Friendly User Web-Server

“User-friendly and publicly accessible web-servers represent the current trend for developing various computational methods [33], as reflected by a serious of recent publications see e.g. [15, 34-37]. Actually, they have significantly enhanced the impacts of computational biology on medical science and driving medicinal chemistry into an unprecedented revolution [38], here we shall do our best to provide a web-server for the predictor presented in this paper as soon as possible.”

Conclusion

In cellular functions, the Post-Translational Modification (PTM) of protein is of vital importance. Covalent addition of any functional group to the proteins produces PTM. Hydroxylation is one of the PTM reactions, which is mostly occurring on three residues, proline, lysine and asparagine. On the maturation of collagen fibers, hydroxyproline and hydroxylysine are significant, while, hydroxyasparagine is important for antifungal and anti-toxin drugs. Hydroxylysine is the hydroxylated class of lysine residue and plays a central role in both biomedical research and drug development against cancer and many other diseases. A powerful computational approach was adopted for identifying the potential hydroxylysine sites in proteins. In the current work, we prove that “iHyd-LysSite (EPSV)” is a predictor that has an excellent prediction proficiency for identifying hydroxylysine sites on a comparison with the former techniques. For this purpose, the methodology is used taken from a recent published article given in Ref. [25]. To validate the potency of the proposed model, the exhaustive jackknife test was performed. The model is verified with three main classifiers, Neural Network (NN), Random Forest (RF) and Support Vector Machine (SVM). Then 96.08%, 94.99%, 98.16% sensitivity and 97.52%, 98.52%, and 80.95% specificity results have been obtained for the jackknife test using the above three classifiers. It is concluded that the proposed predictor has the potential of more improvement in the computed result as in a continuous sequence, there are so rapidly increasing combinations of lysine residues.

Table 1

The values of all four metrics for three classifiers obtained by using the proposed predictor “iHyd-LysSite (EPSV)”.

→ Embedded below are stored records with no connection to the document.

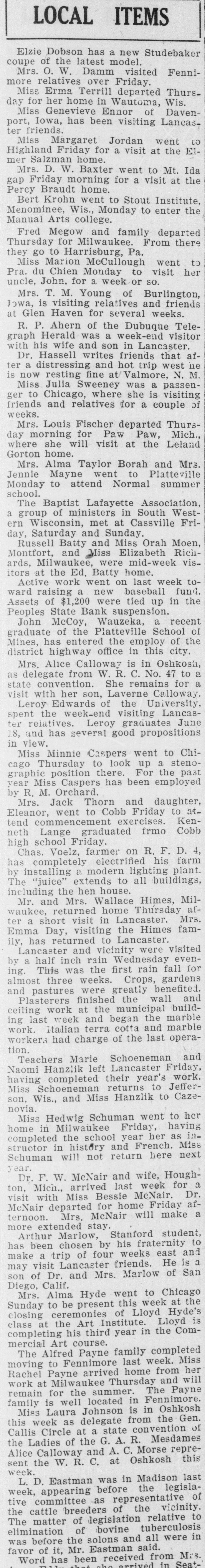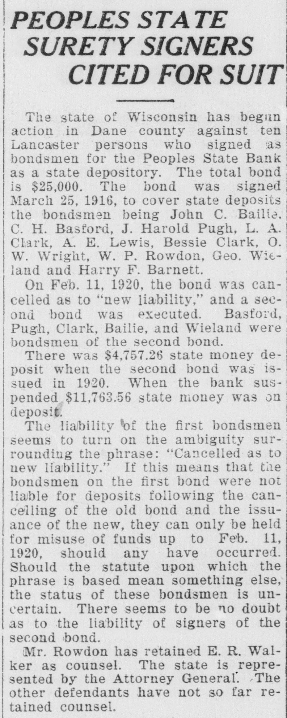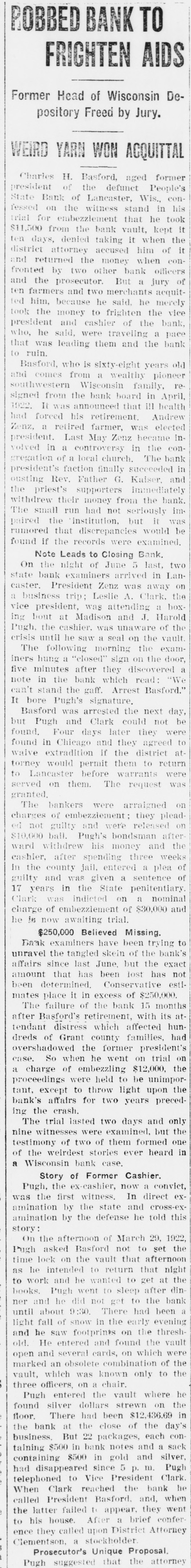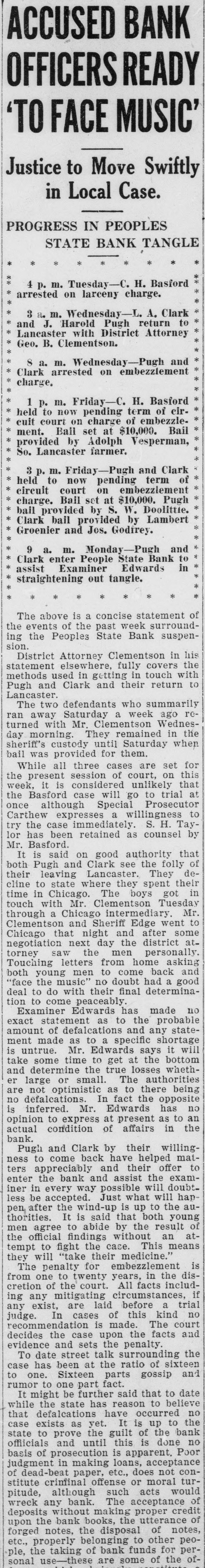 ACCUSED BANK OFFICERS READY 'TO FACE MUSIC' Justice to Move Swiftly in Local Case. PROGRESS IN PEOPLES STATE BANK TANGLE 4 p. m. Tuesday-C. H. Basford arrested on larceny charge. * 3 1. m. Wednesday-L. A. Clark * and J. Harold Pugh return to Lancaster with District Attorney Geo. B. Clementson. * * 8 a. m. Wednesday-Pugh and Clark arrested on embezzlement charge. * * 1 p. m. Friday-C. H. Basford held to now pending term of circuit court on charge of embezzlement. Bail set at $10,000. Bail provided by Adolph Vesperman, * So. Lancaster farmer. * 3 p. m. Friday-Pugh and Clark * held to now pending term of * * circuit court on embezzlement charge. Bail set at $10,000. Pugh bail provided by S. W. Doolittie. Clark bail provided by Lambert Groenier and Jos. Godfrey. * * 9 a. m. Monday-Pugh and Clark enter People State Bank to assist Examiner Edwards in * straightening out tangle. * * The above is a concise statement of the events of the past week surrounding the Peoples State Bank suspension. District Attorney Clementson in his statement elsewhere, fully covers the methods used in getting in touch with Pugh and Clark and their return to Lancaster. The two defendants who summarily ran away Saturday a week ago returned with Mr. Clementson Wednesday morning. They remained in the sheriff's custody until Saturday when bail was provided for them. While all three cases are set for the present session of court, on this week, it is considered unlikely that the Basford case will go to trial at once although Special Prosecutor Carthew expresses a willingness to try the case immediately. S. H. Taylor has been retained as counsel by Mr. Basford. It is said on good authority that both Pugh and Clark see the folly of their leaving Lancaster. They decline to state where they spent their time in Chicago. The boys got in touch with Mr. Clementson Tuesday through a Chicago intermediary. Mr. Clementson and Sheriff Edge went to Chicago that night and after some negotiation next day the district attorney saw the men personally. Touching letters from home asking both young men to come back and "face the music" no doubt had a good deal to do with their final determination to come peaceably. Examiner Edwards has made no exact statement as to the probable amount of defalcations and any statement made as to a specific shortage is untrue. Mr. Edwards says it will take some time to get at the bottom and determine the true losses whether large or small. The authorities are not optimistic as to there being no defalcations. In fact the opposite is inferred. Mr. Edwards has no opinion to express at present as to an actual condition of affairs in the bank. Pugh and Clark by their willingness to come back have helped matters appreciably and their offer to enter the bank and assist the exam-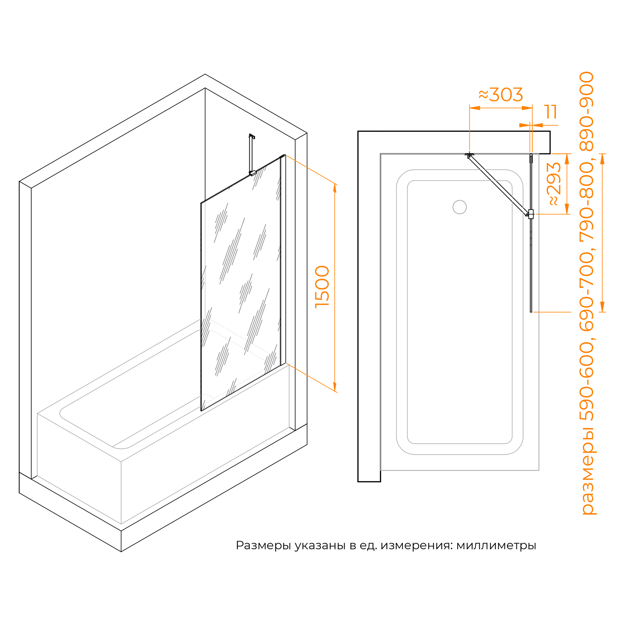 Душевые шторки для ванн RGW Screens 90x150 стекло прозрачное, профиль черный (35111509-14)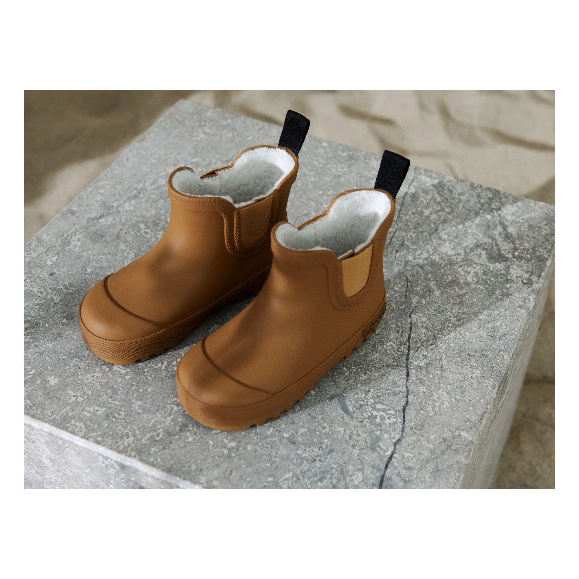 - Elastic at ankles, Waterproof, Heel loop, Non-slip soles, Integrated logo on the back of the shoe, Warm and comfortable

Classifiers NN					RF				SVM
Tests	Sn(%)	Sp(%)	Acc(%)	MCC	Sn(%)	Sp(%)	Acc(%)	MCC	Sn(%)	Sp(%)	Acc(%)	MCC
Self-consistency	95.15	99.39	98.00	0.95	100.00	99.60	99.74	0.99	86.01	92.93	90.40	0.88
Independent	93.00	100.00	97.40	0.95	95.10	97.12	96.32	0.93	81.32	92.36	88.09	0.87
Cross-validation	96.14	97.57	96.77	0.92	95.04	98.60	97.31	0.94	98.22	81.00	84.38	0.89
Jackknife	96.08	97.52	97.14	0.93	94.99	98.52	97.24	0.90	98.16	80.95	84.33	0.84

Precision Table

Classifiers NN		RF	SVM
Tests	PPV	PPV	PPV
Self-consistency	0.89	0.99	0.88
Independent	0.88	0.93	0.87
Cross-validation	0.92	0.97	0.78
Jackknife	0.88	0.92	0.74

Table 2

A comparison of the proposed model “iHyd-LysSite (EPSV)” with the previous methods using the jackknife test validated by NN, RF, and SVM classifiers.

Methods	Sna	Spa	Acca	MCCa
iHyd-PseAAC	87.85	83.01	83.56	0.50
iHyd-PseCp	78.77	99.08	97.08	0.86
iHyd-LysSite (EPSV)-NNb	96.08	97.52	97.14	0.93
iHyd-LysSite (EPSV)-RFb	94.99	98.52	97.24	0.90
iHyd-LysSite (EPSV)-SVM b	98.16	80.95	84.33	0.84

( definition of metrics in Eq. (14), ( proposed predictor “iHyd-LysSite (EPSV)”.